Ora dimmi quello che non so, dimmi di quella nostra poverina; e cerca di spicciarti; ché c'è poco tempo, e molto da fare, come tu vedi.
Renzo principiò, tra una cucchiaiata e l'altra, la storia di Lucia: com'era stata ricoverata nel monastero di Monza, come rapita... All'immagine di tali patimenti e di tali pericoli, al pensiero d'essere stato lui quello che aveva indirizzata in quel luogo la povera innocente, il buon frate rimase senza fiato; ma lo riprese subito, sentendo com'era stata mirabilmente liberata, resa alla madre, e allogata da questa presso a donna Prassede.

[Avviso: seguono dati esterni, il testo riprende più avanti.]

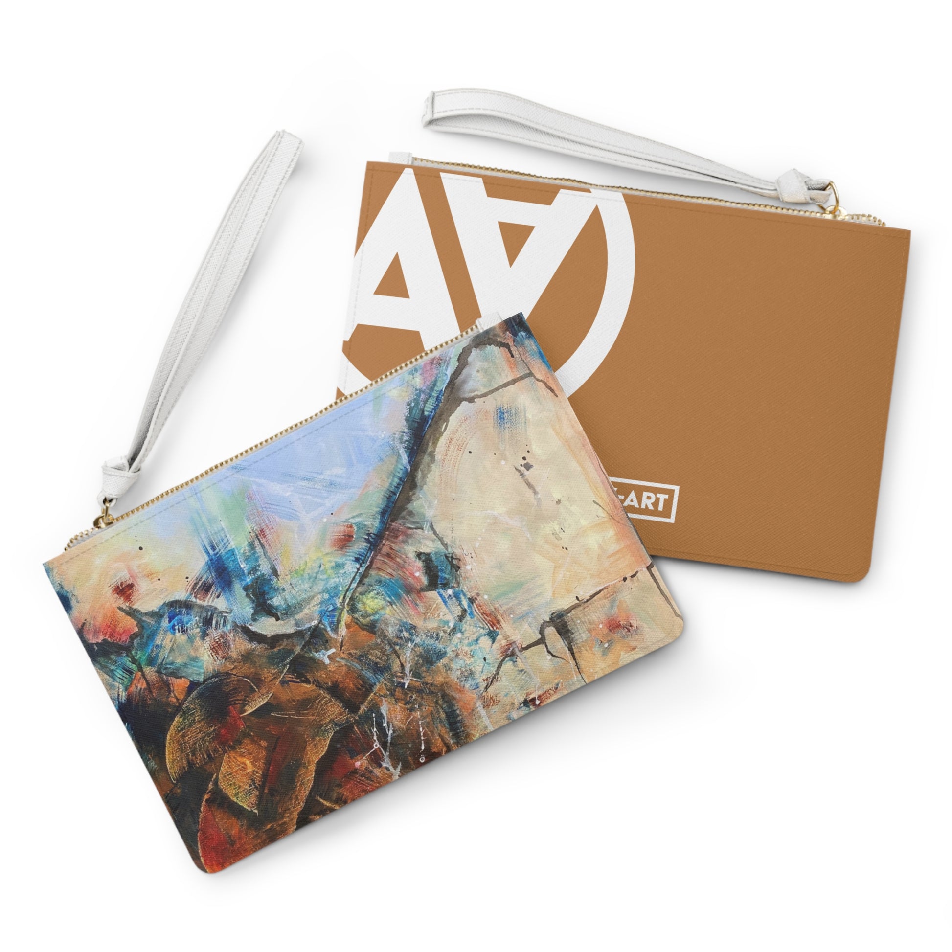 AmayzArt clutch bag featuring art by Alexandra May. Designed with a loop handle to quickly free your hands, It can hold everyday essentials such as a phone, wallet, and keys. It features a zip fastening and a fully lined internal pocket. It is made of vegan leather in the Saffiano pattern finish invented by Prada.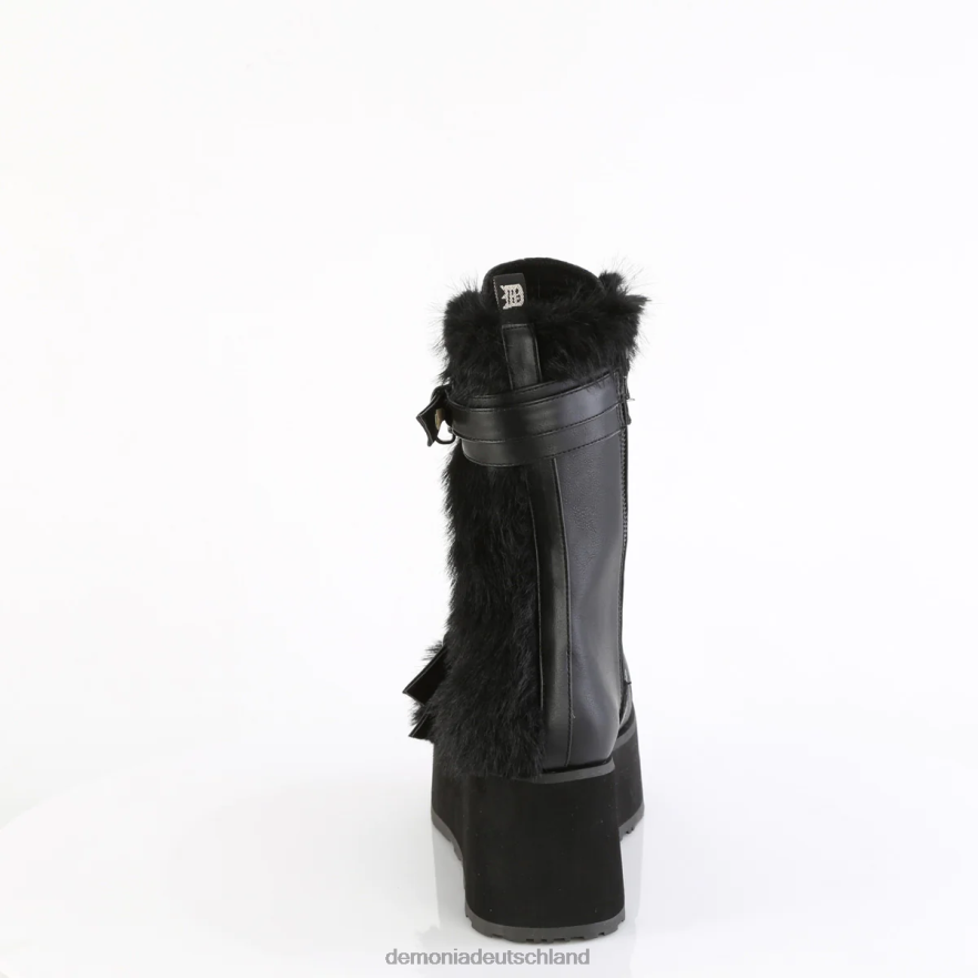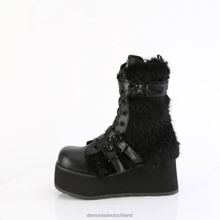 3 1/4 Zoll (83 mm) Plateau-Schnürstiefel in der Mitte der Wade mit 3 Totenkopf-Schnallenriemen und kontrastierendem Felleinsatz auf der Außenseite, seitlicher Metallreißverschluss an der Innenseite

– Ora le racconterò di me, – proseguì Renzo; e raccontò in succinto la giornata di Milano, la fuga; e come era sempre stato lontano da casa, e ora, essendo ogni cosa sottosopra, s'era arrischiato d'andarci; come non ci aveva trovato Agnese; come in Milano aveva saputo che Lucia era al lazzeretto. – E son qui, – concluse, – son qui a cercarla, a veder se è viva, e se... mi vuole ancora... perché... alle volte...
– Ma, – domandò il frate, – hai qualche indizio dove sia stata messa, quando ci sia venuta?
– Niente, caro padre; niente se non che è qui, se pur la c'è, che Dio voglia!
– Oh poverino! ma che ricerche hai tu finora fatte qui?
– Ho girato e rigirato; ma, tra l'altre cose, non ho mai visto quasi altro che uomini. Ho ben pensato che le donne devono essere in un luogo a parte, ma non ci sono mai potuto arrivare: se è così, ora lei me l'insegnerà.
– Non sai, figliuolo, che è proibito d'entrarci agli uomini che non abbiano qualche incombenza?